Work item: What you copy should be the lines from the one with "Stílusos férfi kvarc" through the end of the entries, word for word. Omit the pictures.

Records provided:
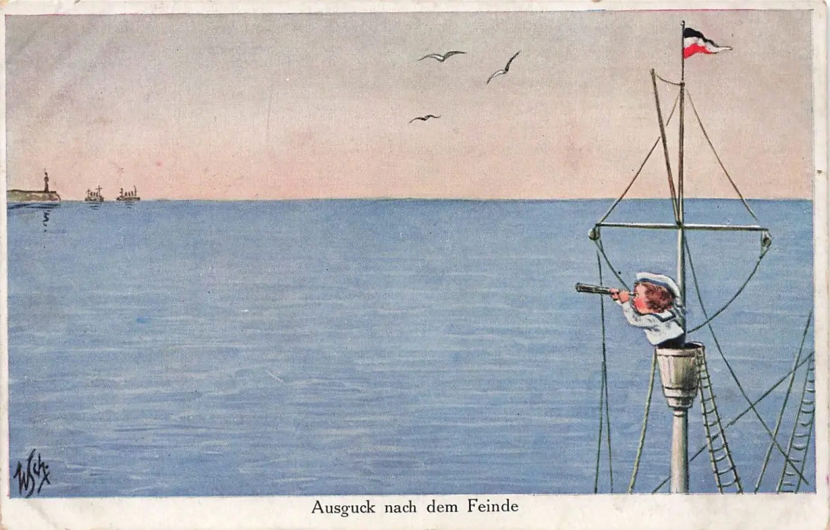 Ausguck nach dem Feinde kleiner Marine Soldat Patriotika Postkarte AK
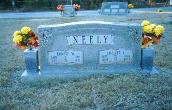 | Neely, Ernest W. | Sept 7, 1895 | May 29, 1981 | "GONE BUT NOT FORGOTTEN" Double Stone with Coeller L. Neely [s/o Marshall Hamilton Neely & Ida Ann Kinard; h/o Coeller Lanier Neely; children Maxine Neely Adair & Iva Nell Neely Williams] | CM |
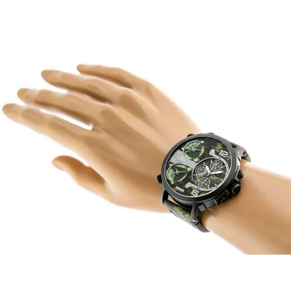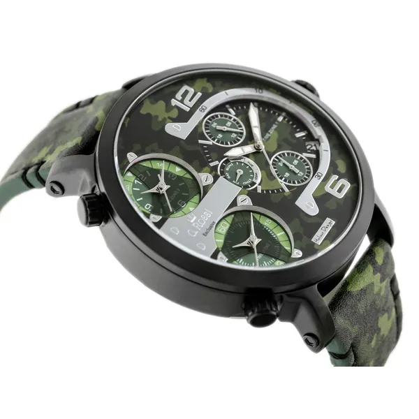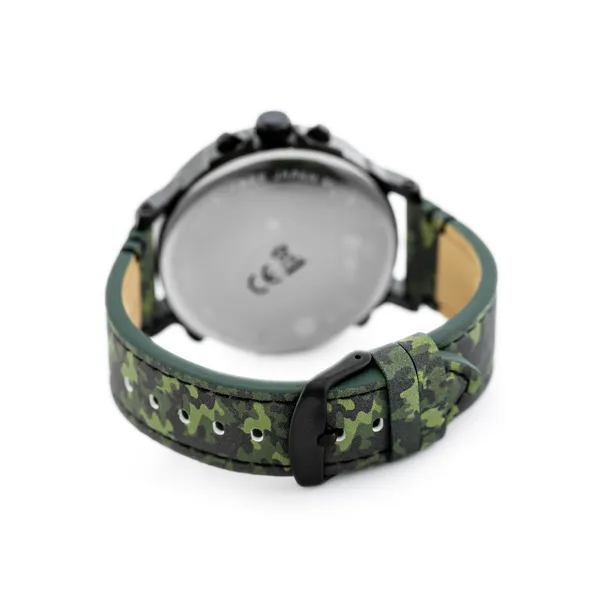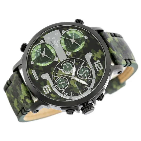Stílusos férfi kvarc karóra kerek fekete tokkal, zöld számlappal és hozzá illő bőrszíjjal. Az antiallergén IPS bevonat kényelmesebb viseletet biztosít, a minerálüveg pedig segít megóvni az órát a mindennapi használat során.
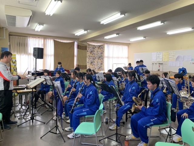 1月17日(土の部活動・その2) 公開日 2026/01/17 更新日 2026/01/17 部活動 1月17日(土) 10:30 吹奏楽部の様子です。アンサンブルコンテストの地区大会が終わり、いよいよ夏のコンクールに向けて本格的に練習が始まりました。
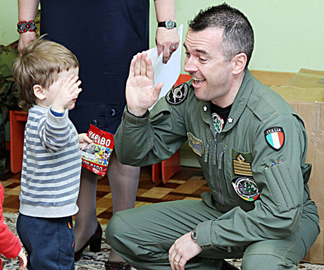 MI­SI­JA: Su vai­kais bend­ra­vęs Šiau­liuo­se oro po­li­ci­jos mi­si­ją at­lie­kan­čio Ita­li­jos kon­tin­gen­to va­das pul­ki­nin­kas Mar­co Ber­to­li sa­kė, jog svar­bi mi­si­jos da­lis – ne tik sau­go­ti Bal­ti­jos ša­lių oro erd­vę, bet ir pa­da­ry­ti kaž­ką svar­baus vai­kams.
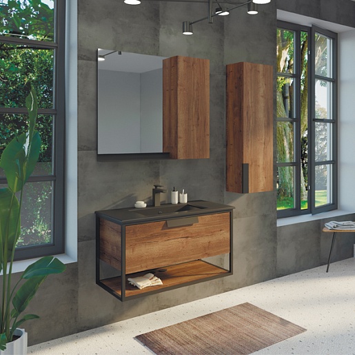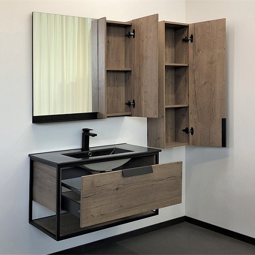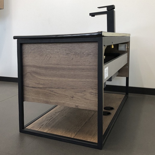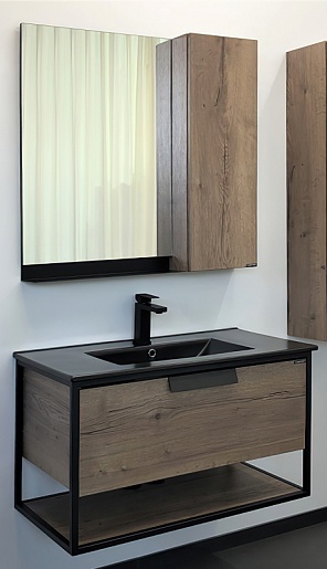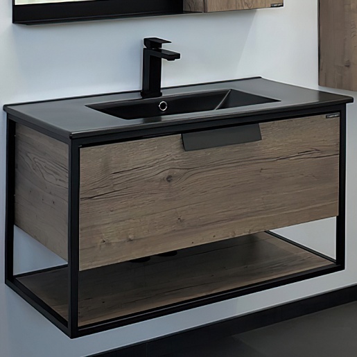 Подвесная тумба с черной раковиной Comforty Бонн 90 (Comforty) дуб темный - арт. 00-00001937CF.

Answer to this exercise:
Stílusos férfi kvarc karóra kerek fekete tokkal, zöld számlappal és hozzá illő bőrszíjjal. Az antiallergén IPS bevonat kényelmesebb viseletet biztosít, a minerálüveg pedig segít megóvni az órát a mindennapi használat során.
 1月17日(土の部活動・その2) 公開日 2026/01/17 更新日 2026/01/17 部活動 1月17日(土) 10:30 吹奏楽部の様子です。アンサンブルコンテストの地区大会が終わり、いよいよ夏のコンクールに向けて本格的に練習が始まりました。
 MI­SI­JA: Su vai­kais bend­ra­vęs Šiau­liuo­se oro po­li­ci­jos mi­si­ją at­lie­kan­čio Ita­li­jos kon­tin­gen­to va­das pul­ki­nin­kas Mar­co Ber­to­li sa­kė, jog svar­bi mi­si­jos da­lis – ne tik sau­go­ti Bal­ti­jos ša­lių oro erd­vę, bet ir pa­da­ry­ti kaž­ką svar­baus vai­kams.
 Подвесная тумба с черной раковиной Comforty Бонн 90 (Comforty) дуб темный - арт. 00-00001937CF.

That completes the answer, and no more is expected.